Well, if anything your SS benefit will pay for Medicare. Otherwise if your wife has 40 quarters of private employment you will go on her benefit.

not always true. In the postal service you don't pay into SS but you also cannot claim on a spouse.

If a non working spouse reaches age 65 can they also get medicare for the low premium, or do they have to pay more if they didn't pay in? Does the spousal benefit work for medicare?
 
not always true. In the postal service you don't pay into SS but you also cannot claim on a spouse.

If a non working spouse reaches age 65 can they also get medicare for the low premium, or do they have to pay more if they didn't pay in? Does the spousal benefit work for medicare?
My understanding is you can qualify on your spouse's benefit. The website at socialsecurity.gov is pretty informative.
 
I think they are covered by Medicare but not SS. Employees that started after 1984 in Chicago started paying into Medicare but not SS. That being said if they had a government pension and somehow found outside work to be eligible for SS their benefit would be greatly reduced by GPO/WEP.

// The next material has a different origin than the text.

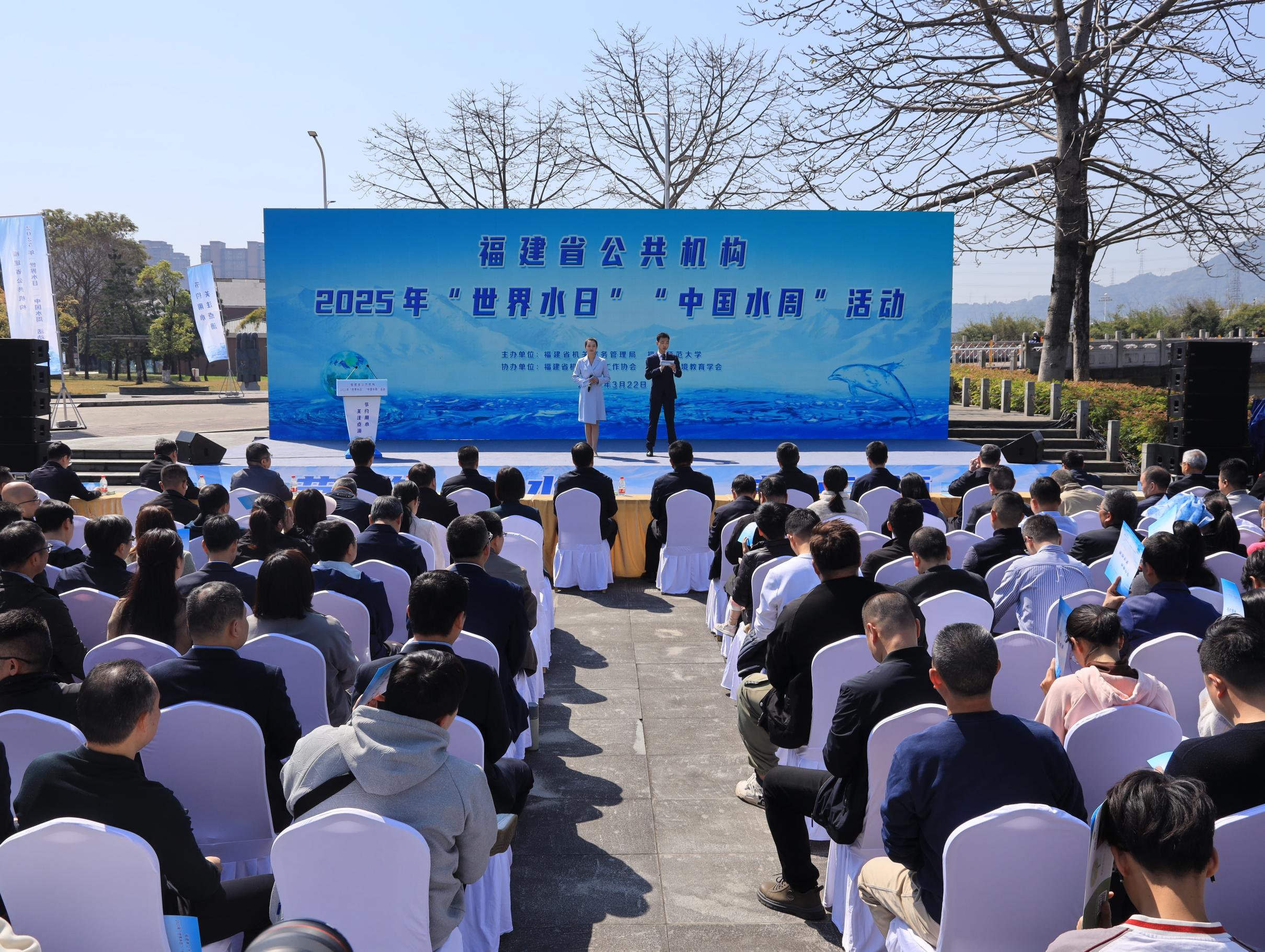 3月22日,由福建省机关事务管理局和我校主办,福建省环境教育学会等单位协办的“节约用水,关注点滴”福建省公共机构2025年“世界水日”“中国水周”宣传活动在旗山校区星槎桥桥头广场举行。省政府副秘书长,省政府办公厅党组成员,省机关事务管理局党组书记、局长李文哲,省水利厅厅长叶敏,省政府办公厅副主任祝海辉,省政协办公厅副主任吴益坚,省工信厅副厅长郑伟,省卫健委副主任林宪,省机关事务管理局副局长兰善斌、俞声,福建医科大学副校长王世鄂,福建理工大学副校长何仕,省发改委二级巡视员林建安,省自然资源厅二级巡视员杨玉章,省交通运输厅二级巡视员谢俊林,福州市委副秘书长、市机关事务管理局党组书记、局长陈武,必一在线平台(中国)官网党委书记潘玉腾、副校长吴剑锋,部分省直机关、医院和必一在线平台(中国)官网相关职能部门负责人,福州市机关管理局领导及部分在榕机关事务管理部门负责人,省环境教育学会和企业公司代表,我校师生代表等200余人参加活动。

Would you care to provide some evidence to back up your thinking or are you just spouting off stuff? Hint I read links from 3rd party sources.

As the GAO reports says it is 25% of public employee who don't pay SS taxes, but many of them receive SS benefits for other reasons. It doesn't make any discussion of Medicare. I get that in IL many worker aren't covered by SS, like many things regarding government IL is the exception not the rule. For instance the number of former governors serving prison sentences.
 
Would you care to provide some evidence to back up your thinking or are you just spouting off stuff? Hint I read links from 3rd party sources.

As the GAO reports says it is 25% of public employee who don't pay SS taxes, but many of them receive SS benefits for other reasons. It doesn't make any discussion of Medicare. I get that in IL many worker aren't covered by SS, like many things regarding government IL is the exception not the rule. For instance the number of former governors serving prison sentences.
I stand corrected. It is in Illinois where 80% are not covered by SS. I can't speak to the rest of the country. But again if a public employee is eligible for SS, his or her benefit will be reduced by GPO (Government Pension Offset). Go to the social security website and look it up. Also being a retiree of the City of Chicago they started paying into Medicare after 1984 so those employees when they retire will be eligible for a Medicare benefit only at 65. Anyone that started before 1984 was not eligible to participate.
 
By the way, clifp, I'm just stating the facts as I know them here in Illinois and not spouting off. By the way, how is the weather in Hawaii?
 
Well, it is true that some public employees do not pay into SS, and some then retire and work a few years at a private sector job that requires paying into SS (or work those years before the public job), and then collect a HUGE SS payout (HUGE in relative terms - SS pays relatively higher for those first years/$s).

In some cases there are adjustments for this effect.

-ERD50

I don't agree. You need to pay into SS for 10 years to qualify. Additionally if you have a retirement benefit from a job where you didn't pay into SS any SS payments you might get from a job where you did pay into SS is reduced using the Windfall Elimination Provision.